**Exercise:** In the entries below, find the line with "Hoddesdon North, (ward)" and the line with "1939. nov. 21"; reproduce those two lines and all lines between them exactly, without pictures.

**Information shown:**

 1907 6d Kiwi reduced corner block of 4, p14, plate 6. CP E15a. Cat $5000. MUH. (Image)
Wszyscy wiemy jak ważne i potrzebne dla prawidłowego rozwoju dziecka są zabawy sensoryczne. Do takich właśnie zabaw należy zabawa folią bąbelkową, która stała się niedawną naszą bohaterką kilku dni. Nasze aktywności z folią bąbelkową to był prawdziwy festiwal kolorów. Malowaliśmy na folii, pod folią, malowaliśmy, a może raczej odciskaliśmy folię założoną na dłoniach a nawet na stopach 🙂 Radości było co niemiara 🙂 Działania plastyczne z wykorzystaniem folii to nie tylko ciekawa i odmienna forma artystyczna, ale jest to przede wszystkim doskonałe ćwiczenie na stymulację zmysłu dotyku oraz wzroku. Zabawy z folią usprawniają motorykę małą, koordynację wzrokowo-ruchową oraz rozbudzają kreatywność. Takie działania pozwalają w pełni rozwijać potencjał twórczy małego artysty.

==

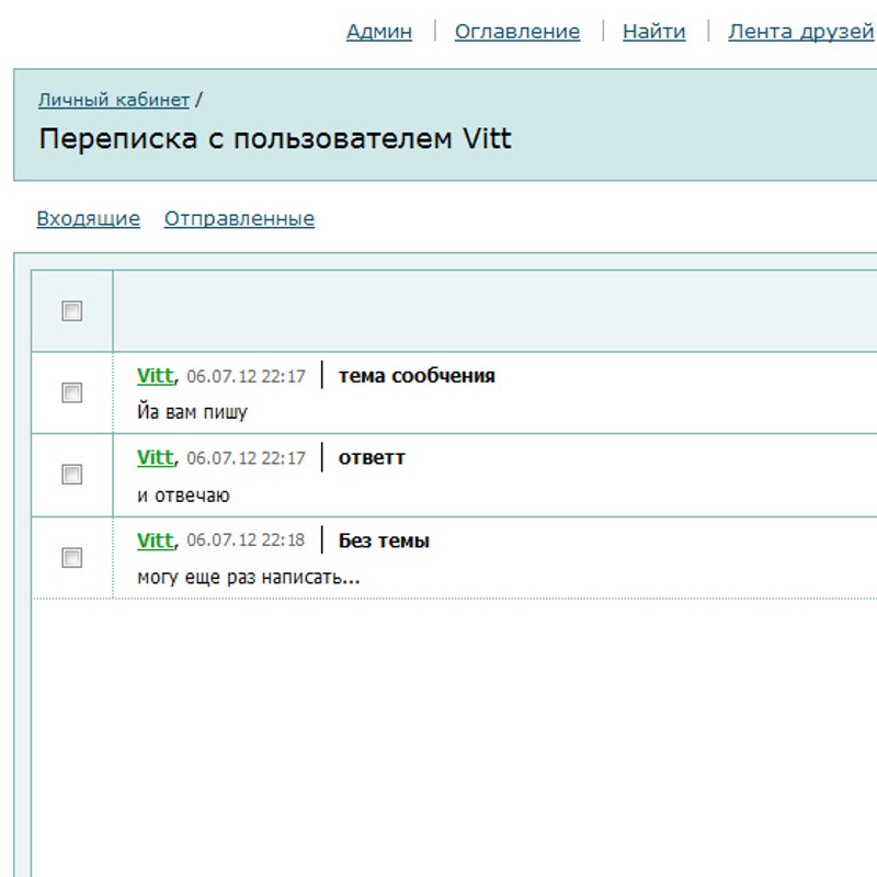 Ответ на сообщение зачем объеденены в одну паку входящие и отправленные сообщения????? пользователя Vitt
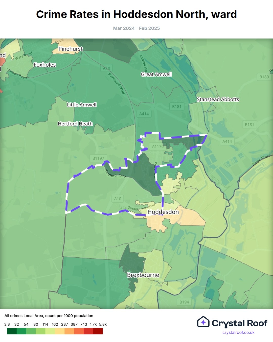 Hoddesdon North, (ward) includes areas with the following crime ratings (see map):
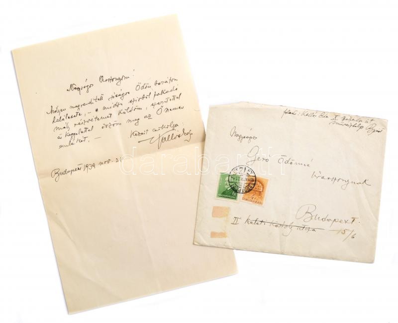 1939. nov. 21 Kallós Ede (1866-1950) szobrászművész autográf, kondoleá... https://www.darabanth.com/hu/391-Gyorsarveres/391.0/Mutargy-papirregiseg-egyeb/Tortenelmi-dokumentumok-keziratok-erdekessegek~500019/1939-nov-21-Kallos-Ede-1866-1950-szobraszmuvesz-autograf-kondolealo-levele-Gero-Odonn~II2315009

**Result of this task:**
 Hoddesdon North, (ward) includes areas with the following crime ratings (see map):
 1939. nov. 21 Kallós Ede (1866-1950) szobrászművész autográf, kondoleá... https://www.darabanth.com/hu/391-Gyorsarveres/391.0/Mutargy-papirregiseg-egyeb/Tortenelmi-dokumentumok-keziratok-erdekessegek~500019/1939-nov-21-Kallos-Ede-1866-1950-szobraszmuvesz-autograf-kondolealo-levele-Gero-Odonn~II2315009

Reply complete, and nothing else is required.